It's a USB floppy controller which allows you to image the raw magnetic state
of the disk (subject to head step and width). It allows you to record the disk
and _then_ try to figure out what the format is. It's good enough to allow you
to read CLV disks, such as Mac floppies, from an image taken from a CAV drive,
such as a PC one. I don't know whether it supports half tracks --- probably
--- but it will certainly support all the weird timing error tricks.

It's not what I would call user friendly but once you've figured it out the
results are magical. I was able to image an ancient BBC Micro floppy disk once
and then spend ages figuring out how to parse the sector layout and encoding
density working with just the image. Not only does this avoid having to keep
working with the fragile disk, but it's way faster!

------
kabdib
I wrote some 6502 protection code for Atari game cartridges. The problem was
that a cartridge could be copied (trivially), then loaded into RAM at the same
address, then run. There were many disks running around with cracks of
cartridges that you could just load and run. The goal of the protection code
was to detect whether the code was running in RAM or ROM, usually by hiding
writes that would cause crashes or be detected by the game logic.

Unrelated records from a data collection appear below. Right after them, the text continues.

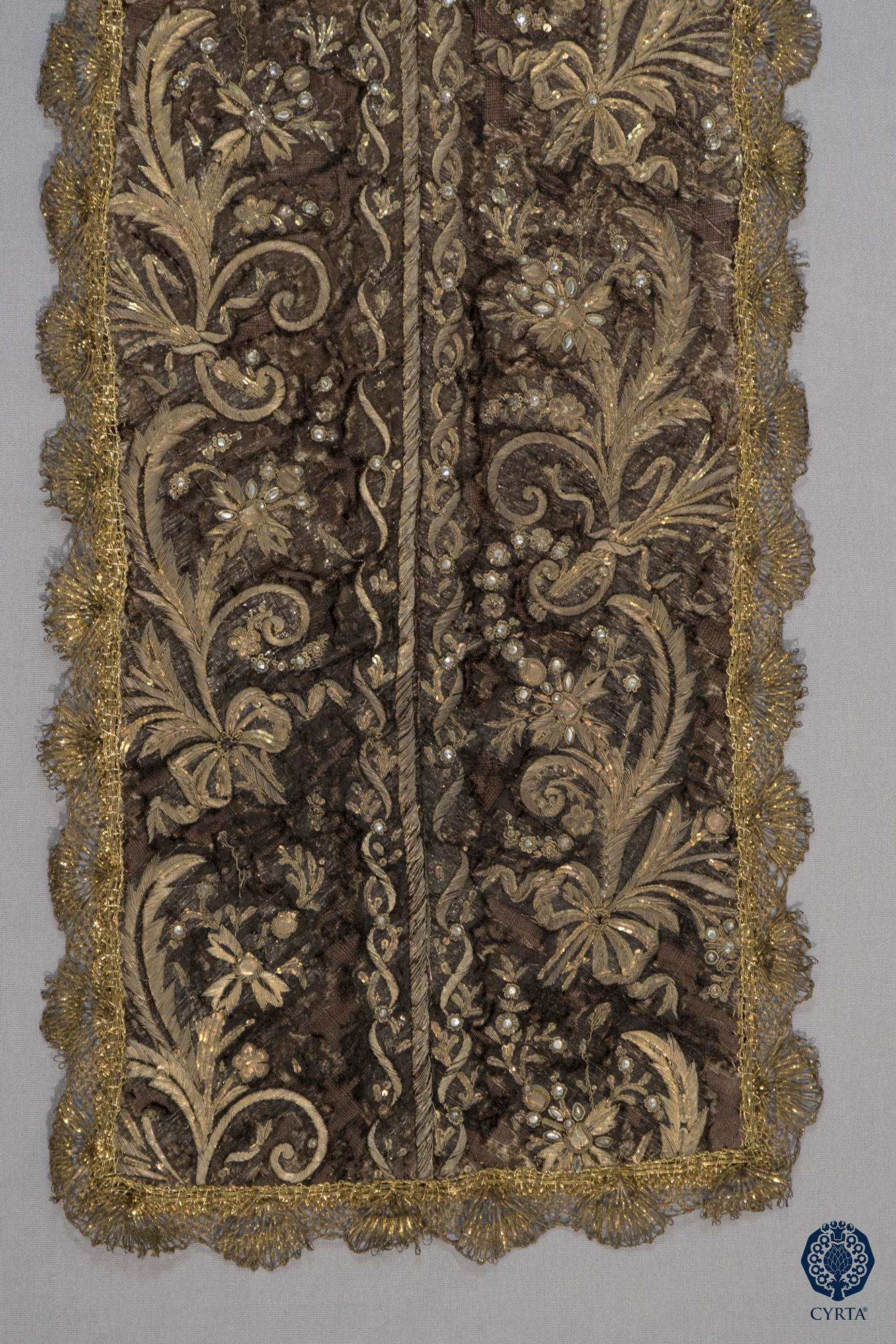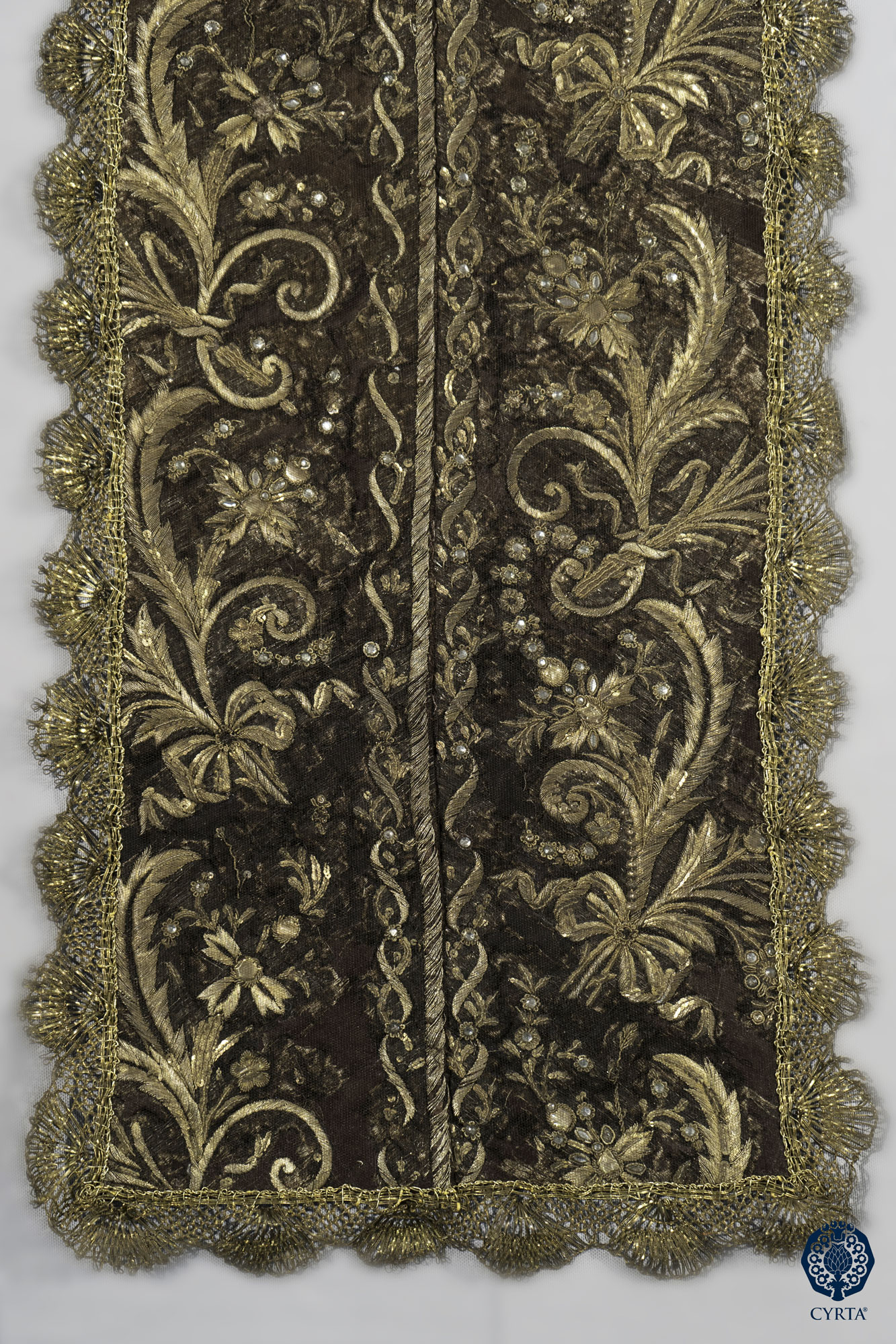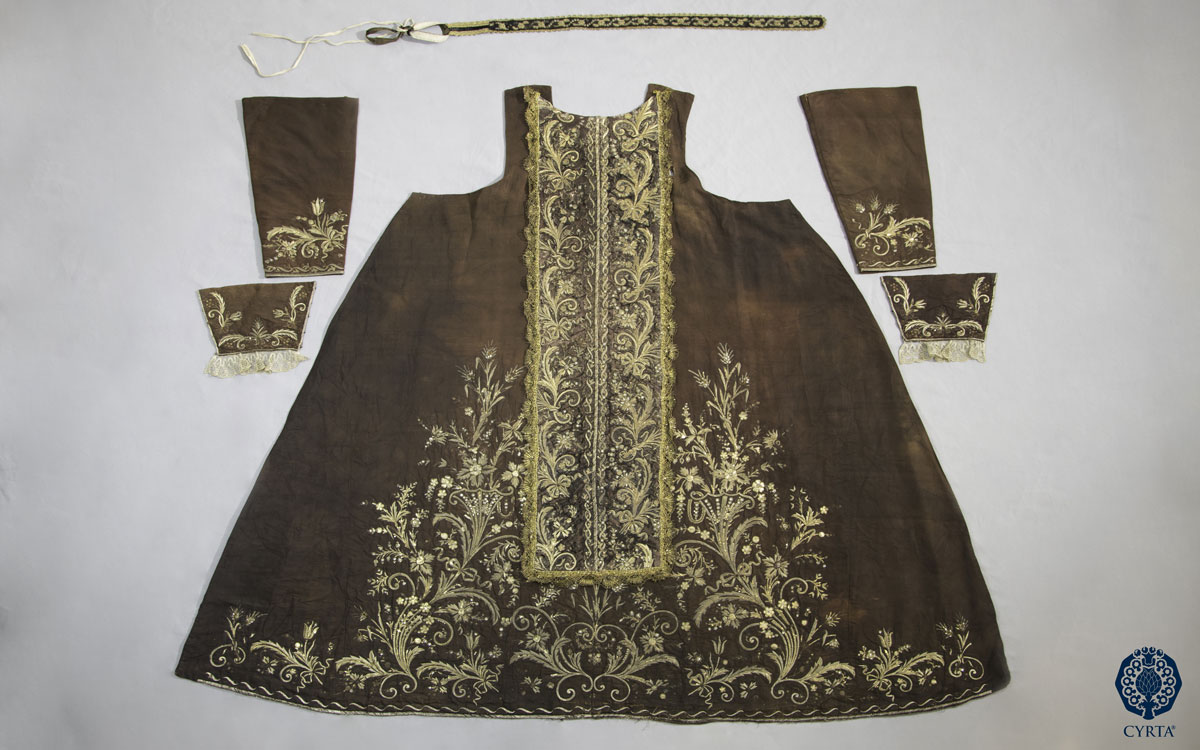 - Materiales: Tejido de Gro de Tours en seda, en color marrón, para el hábito y lamé de plata para la capa. Hilos de muestra en plata dorada para el bordado. Espejuelos, tachuelas polilobuladas en metal dorado. Encajes de tipo punto de España, realizados en hilos metálicos dorados, a bolillos.
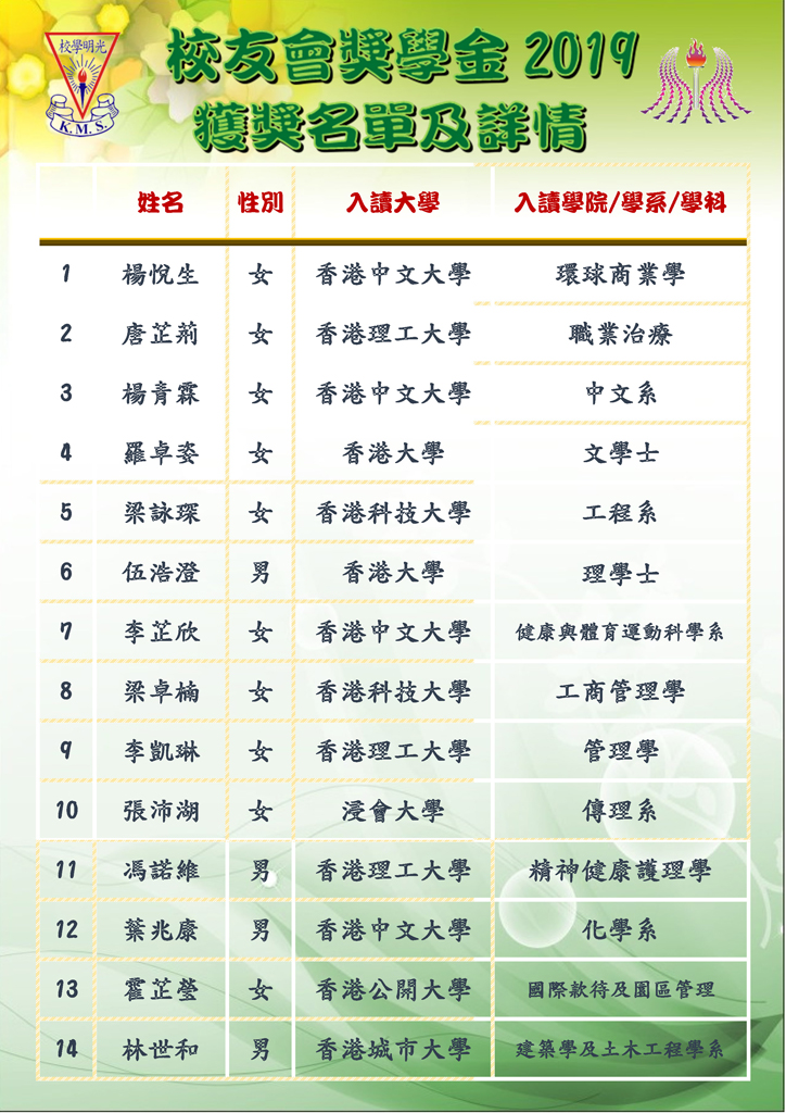 光明學校校友會獎學金(2019)
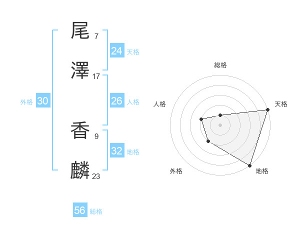 尾澤 香麟さんの天格は24画の5点!
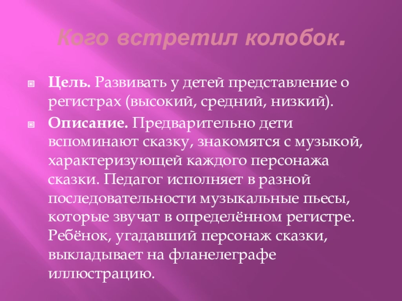 Описание. Предварительно дети вспоминают сказку, знакомятся с музыкой, характеризующей каждого персонажа сказки. Педагог исполняет в разной последовательности музыкальные пьесы, которые звучат в определённом регистре. Ребёнок, угадавший персонаж сказки, выкладывает на фланелеграфе иллюстрацию.
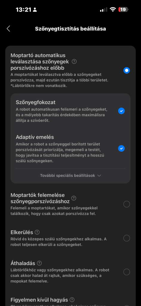 Itt választhatjuk ki, hogy sima szőnyegfokozatban dolgozzon (automatán felismeri és magasabbra állítja a szívóerőt), vagy inkább mély szőnyegtisztítást kérünk (minden helyiségben maximális erővel dolgozik), hogy leengedje-e az oldalkefét (rövidebb szálú szőnyegeknél hatékonyabb), sőt még azt is, hogy a szőnyegszegélyek mentén található vezetékeket elkerülje.
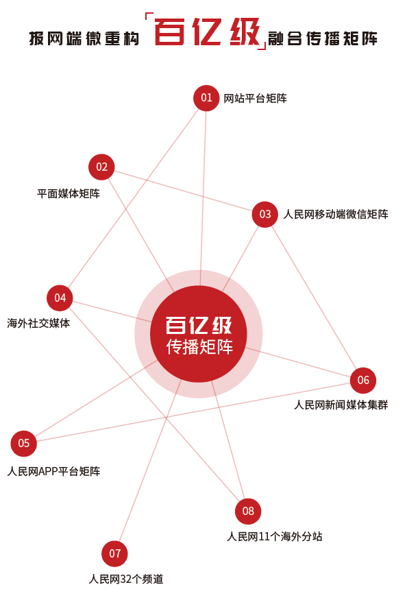 人民網(wǎng)依托以人民日報為中心的報系系統(tǒng),融合報紙、網(wǎng)站、微博、微信、客戶端、網(wǎng)絡(luò)電視等多種傳播形態(tài)的現(xiàn)代化全媒體矩陣,跨媒體跨平臺實現(xiàn)價值挖掘與傳播。
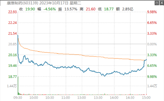 出尔反尔的表述,导致康惠制药股价上蹿下跳。10月16日一早,康惠制药涨停开盘,大量买单蜂拥涨停板,最终收出“一字板”。17日,公司股价大幅高开,随后放量下跌,盘中巨震。
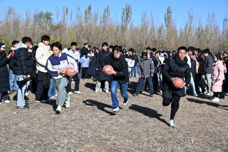 本次运动会以“强体铸魂,凝心育人”为核心宗旨,既想通过趣味项目打破新生间的陌生壁垒,增进彼此的默契与友谊,也希望在初冬时节点燃大家的运动热情,助力学子强健体魄、释放学业压力。活动精心设置团团抱、气球传情、足球障碍接力、旋转接力、沙包投掷、四人五足六大项目,兼顾趣味性与协作性,成功吸引众多新生踊跃参与,现场活力满溢。
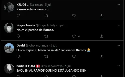 En Twitter los hinchas de la Selección Peruana atacaron de forma rápida a Christian Ramos, el defensa central de la Universidad César Vallejo fue el señalado por los seguidores, quienes lo culpan de la jugada hecha por Neymar, la cual terminó en una asistencia para Lucas Paquetá.

Once I had about two weeks to spare on a protection system; it used a couple
levels of decryption and some delaying tactics so that the title would crash
minutes after starting.

A prolific Atari pirate lived in my apartment complex. After the cartridge
shipped, I asked him about it. "Oh, that was a hard one. It took me and my
friends three days to crack."

Time and numbers are not on the side of DRM. (I'm also unconvinced that Atari
lost much money to copying).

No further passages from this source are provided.